CREATE TABLE public."TableData" (
    dataid integer,
    tableid integer,
    data jsonb,
    "addedOn" date,
    ownerid integer,
)

Here is sample of test json data in table

dataid  data
1       "{"email": "lbush@gmail.com", "items": {"qty": 24, "product": "Diaper"}, "lastname": "Bush", "firstname": "Lily"}"  "2019-10-29"    1
5       "{"city": "Boston", "state": "MA", "rating": 1, "school": "Harvard"}
12      "{"major": "English", "credits": 350, "field of study": "Aerospace Engineering"}"

The second table is used to join documents together. The TableData.dataid connects to "left_id" or "right_id" depending on the connection.

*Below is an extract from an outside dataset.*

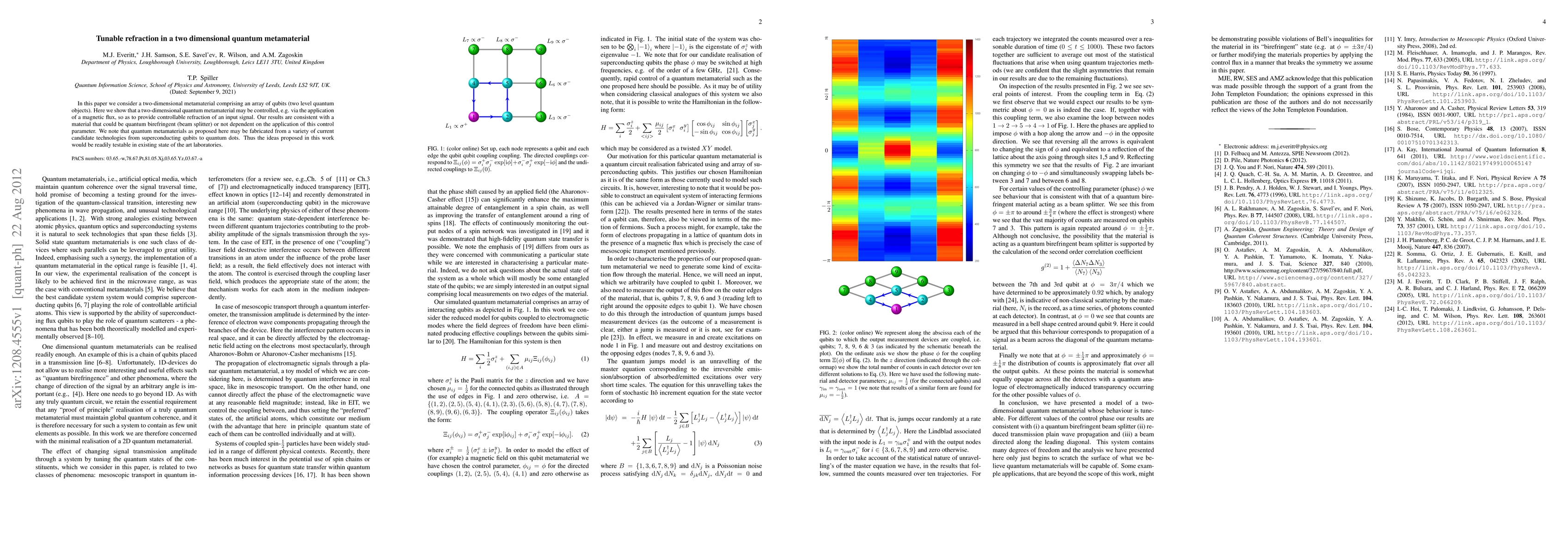 The paper introduces a model for a two-dimensional quantum metamaterial using superconducting qubits, demonstrating its tunable refraction properties via a control parameter φ, and analyzing its behavior as a quantum birefringent beam splitter, plain wave propagator, or material with electromagnetically induced transparency.

CREATE TABLE public.relations (
    relationid integer
    left_id integer,
    right_id integer,
    "addedOn" date,
    ownerid integer
)

here is 2 rows that connect the 3 documents

          relationid    left_id     _right_id   
            1               1       5   
            2               5       12

I am looking for the right query syntax that lets me connect any hierarchy of documents together such that I can query/filter and have the output show correctly. For example, here is a query that works when just linking the first two documents together.

     SELECT Contact.data -> 'firstname' as firstname,School.data -> 'school' as schoolname
      from "public"."relations" as connections 
      left join "public"."TableData" as Contact
      on Contact.dataid = connections.left_id
      left join "public"."TableData" as School
      on School.dataid = connections.right_id

This correctly outputs:

   firstname    schoolname
   "Lily"       "Harvard"

But, how do I now extend this to include additional connections? I tried the following to link the 3rd document, but not getting correct output.

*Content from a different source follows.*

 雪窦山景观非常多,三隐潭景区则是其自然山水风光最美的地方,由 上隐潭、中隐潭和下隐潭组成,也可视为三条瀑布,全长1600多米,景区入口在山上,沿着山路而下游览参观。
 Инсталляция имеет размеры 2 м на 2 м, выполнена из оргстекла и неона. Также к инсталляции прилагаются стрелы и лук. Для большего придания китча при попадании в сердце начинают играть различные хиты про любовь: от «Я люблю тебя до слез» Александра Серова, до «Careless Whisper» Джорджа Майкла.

    SELECT Contact.data -> 'firstname' as firstname,
    School.data -> 'school' as schoolname,
    Major.data -> 'major' as majorname
    from "public"."relations" as connections
    left join "public"."TableData" as Contact
    on Contact.dataid = connections.left_id
    left join "public"."TableData" as School
    on School.dataid = connections.right_id
    left join "public"."TableData" as Major
    on major.dataid = connections.right_id 
    left join "public"."TableData" 
    on School.dataid = connections.left_id

here is incorrect output:

        firstname   schoolname    major
        "Lily"      "Harvard"
        null         null       "Aerospace Enginering"

What I want/am looking for is:

       firstname    schoolname  major
       "Lily"       "Harvard"   "Aerspace Engineering"

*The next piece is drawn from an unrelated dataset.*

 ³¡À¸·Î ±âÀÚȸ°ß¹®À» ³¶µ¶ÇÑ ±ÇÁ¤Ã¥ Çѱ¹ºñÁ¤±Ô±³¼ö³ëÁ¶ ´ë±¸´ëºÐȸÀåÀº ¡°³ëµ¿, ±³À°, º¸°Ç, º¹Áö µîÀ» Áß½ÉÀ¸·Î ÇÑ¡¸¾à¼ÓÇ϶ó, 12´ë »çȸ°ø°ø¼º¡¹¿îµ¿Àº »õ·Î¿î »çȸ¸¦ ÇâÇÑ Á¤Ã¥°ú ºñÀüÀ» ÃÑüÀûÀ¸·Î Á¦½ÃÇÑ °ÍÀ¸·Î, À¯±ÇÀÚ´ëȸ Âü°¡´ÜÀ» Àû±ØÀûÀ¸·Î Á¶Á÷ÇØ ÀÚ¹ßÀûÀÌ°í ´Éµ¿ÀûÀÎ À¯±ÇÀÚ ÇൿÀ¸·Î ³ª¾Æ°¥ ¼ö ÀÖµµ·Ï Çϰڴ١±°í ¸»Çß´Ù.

How do I string multiple joins to the "Relations" table in order to get this output??

GMB
  • 216,147
  • 25
  • 84
  • 135
mike hennessy
  • 1,359
  • 1
  • 16
  • 35
  • Why do you have such a weird schema? Can't you properly normalize it so that you'd have separate tables instead of a table of json object that is related to itself? – Bergi Oct 29 '19 at 20:24
  • The goal of this schema is to support truly dynamic data structures defined by end-users. There is endless discussions on how best to support dynamic data structures, the old/best known method EAV. Great article showing the discussion. https://stackoverflow.com/questions/5106335/how-to-design-a-database-for-user-defined-fields I believe with json/jsob, there is a better model, but I need to support linking of data elements between them. Any ideas on how to get this query to work? – mike hennessy Oct 29 '19 at 20:31
  • I see what you did there, but why not just make your schema changeable by end-users? You may still use JSON or EAV for primitive attribute values, but as soon as you need to have links between your entities and do queries on them I would recommend to create a table per user-defined table and a table (or column) per user-defined relation, so that you can set up foreign keys properly. – Bergi Oct 29 '19 at 20:45
  • We've discussed that, but just don't think it's feasible for scalability and maintainability. Think tens of thousands of users creating hundreds of thousands of tables. – mike hennessy Oct 29 '19 at 20:46
  • Of course it also depends on how large the tables and how complex the queries on them are, but I'd wager that a purpose-built RDMS scales better to those dimensions than anything you can implement and maintain yourself. On top of that, it already brings most of the tools that you would need. – Bergi Oct 29 '19 at 20:51
  • So, just so I understand, you would advocate for creating custom table/fields dynamically as users define their table structures? The best use-case I can give is something equivalent to Airtable if you're familiar with them. They basically have a spreadsheet type of app that allows for complete customization. Do you think creating tables/fields could be supported at that scale on postgres? The tables/queries will be rather simple and small, just LOTS of them. – mike hennessy Oct 29 '19 at 20:54
  • Yes, that's what I would recommend. I mean, I haven't tried it myself yet, but I would definitely try to make a prove-of-concept with that approach and then benchmark it. Having many small tables is also much easier (and more efficient) to scale horizontally, so I'm not too concerned about postgres dealing with this. – Bergi Oct 29 '19 at 20:58

1 Answers1

0

You would need to use the relations table again to do another N:N join, and drop the anonymous TableData table:

SELECT
  Contact.data -> 'firstname' as firstname,
  School.data -> 'school' as schoolname,
  Major.data -> 'major' as majorname
FROM
  "public"."TableData" as Contact
  INNER JOIN "public"."relations" as connection1 ON (Contact.dataid = connection1.left_id)
  INNER JOIN "public"."TableData" as School ON (connection1.right_id = School.dataid)
  INNER JOIN "public"."relations" as connection2 ON (School.dataid = connection2.left_id)
  INNER JOIN "public"."TableData" as Major ON (connection2.right_id = Major.dataid)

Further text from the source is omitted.